On 10/9/2013 12:57 PM, adm1n wrote:
My index contains documents which could be a single word or a short sentence
which contains up to 4-5 words. I need to return documents, which "starts
with" only from the searched pattern.
in regex it would be [^my_query].
for example, for a docs:
black
beautiful black cat
cat
cat is black
black cat
and for the query: "black"
only "black" and "black cat" should be returned.
The text field I'm using is as follows:
<fieldType name="text_general_aa" class="solr.TextField"
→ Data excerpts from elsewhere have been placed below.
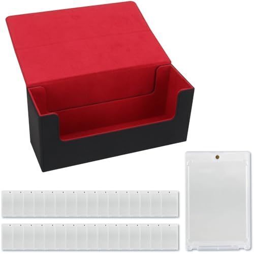 - ttas/h トレカ保管セット デッキケース マグネットローダー33個 35PT 傷/折れ防止 PUレザー (黒×赤)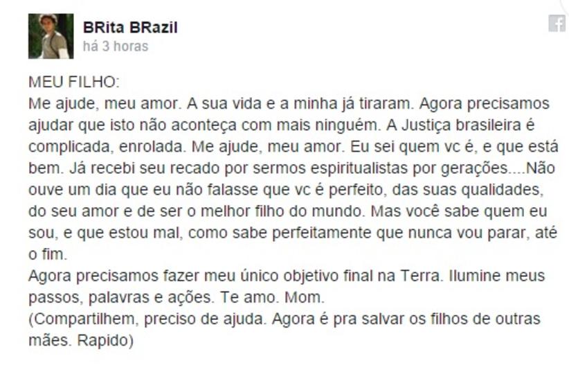 "Meu filho: me ajude, meu amor. A sua vida e a minha já tiraram. Agora precisamos ajudar para que isto não aconteça com mais ninguém. A Justiça brasileira é complicada, enrolada. Me ajude, meu amor. Eu sei quem você é, e que está bem. Já recebi seu recado por sermos espiritualistas por gerações....Não ouve um dia que eu não falasse que você é perfeito, das suas qualidades, do seu amor e de ser o melhor filho do mundo. Mas você sabe quem eu sou, e que estou mal, como sabe perfeitamente que nunca vou parar, até o fim. Agora precisamos fazer meu único objetivo final na Terra. Ilumine meus passos, palavras e ações. Te amo. Mom”, declarou.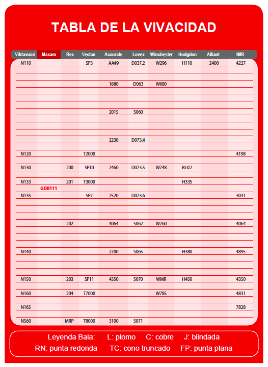 Esto es de las tablas de recarga de Maxam, parece que es muy similar.

positionIncrementGap="100">
<analyzer type="index">
<tokenizer class="solr.WhitespaceTokenizerFactory"/>
<filter class="solr.NGramFilterFactory" minGramSize="4"
maxGramSize="15" side="front"/>
<filter class="solr.LowerCaseFilterFactory"/>
</analyzer>
<analyzer type="query">
<tokenizer class="solr.WhitespaceTokenizerFactory"/>
<filter class="solr.NGramFilterFactory" minGramSize="4"
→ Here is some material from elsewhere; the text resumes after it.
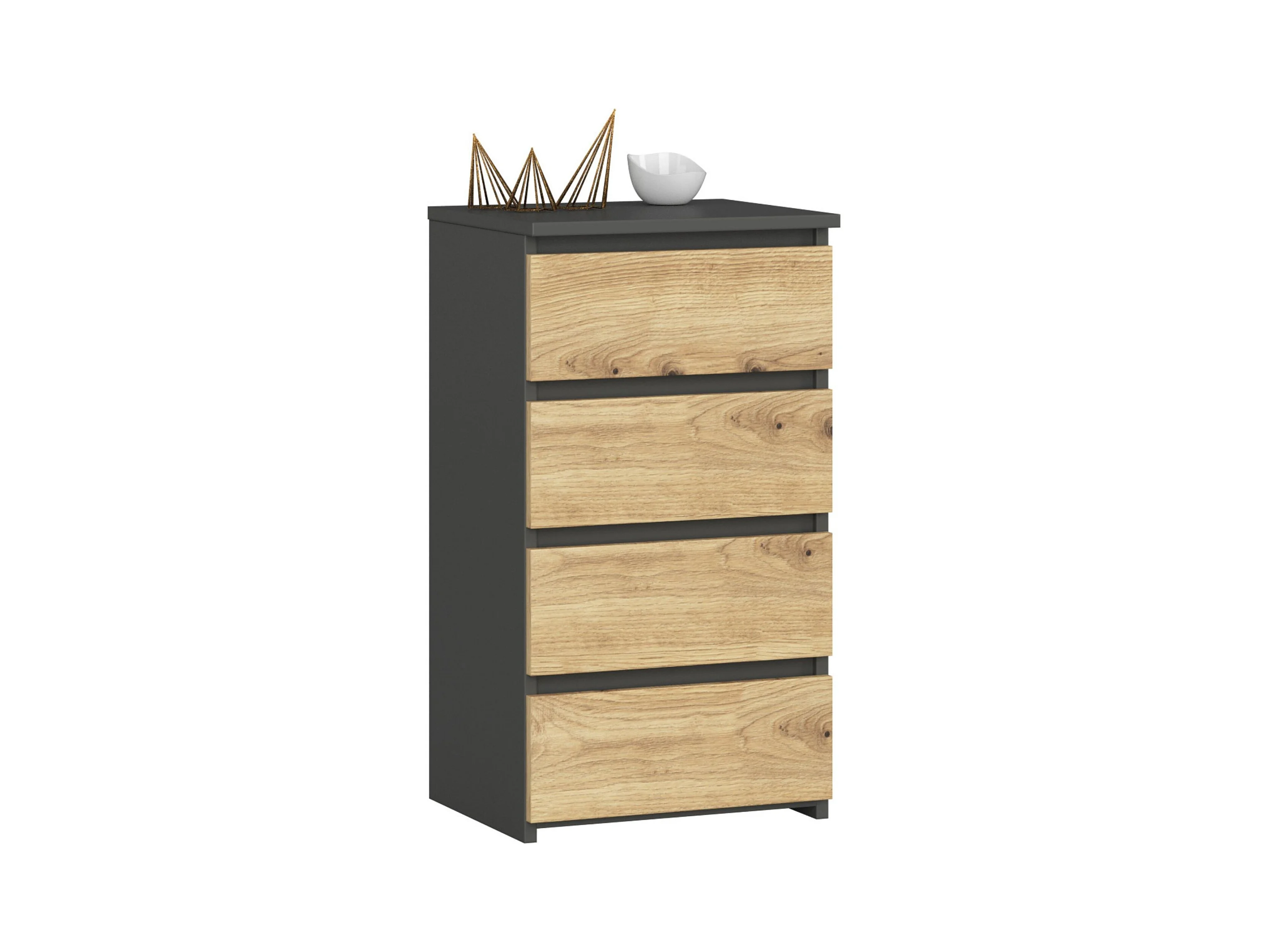 Grafietgrijze en Eik Artisan Commode met 4 Lades - Stijlvolle Opberger voor Thuis

maxGramSize="15" side="front"/>
<filter class="solr.LowerCaseFilterFactory"/>
</analyzer>
</fieldType>
Solr version is 4.2
thanks!
The presence of either the whitespace tokenizer or the NGram filter make
this impossible, because they both break the indexed value into smaller
pieces. Together, they *really* break things up. Matching is done on a
per-term basis, and these two components in your analysis chain ensure
that "black" will be a term for all of those input documents, whether it
appears at the beginning, middle, or end.
If you set up a copyField to a new field whose fieldType uses the
Keyword tokenizer (which treats the entire string as a single token) and
the lowercase filter, you would be able use the regex support in Solr
4.x and have this as your query string:
newfield:/^black/
Thanks,
Shawn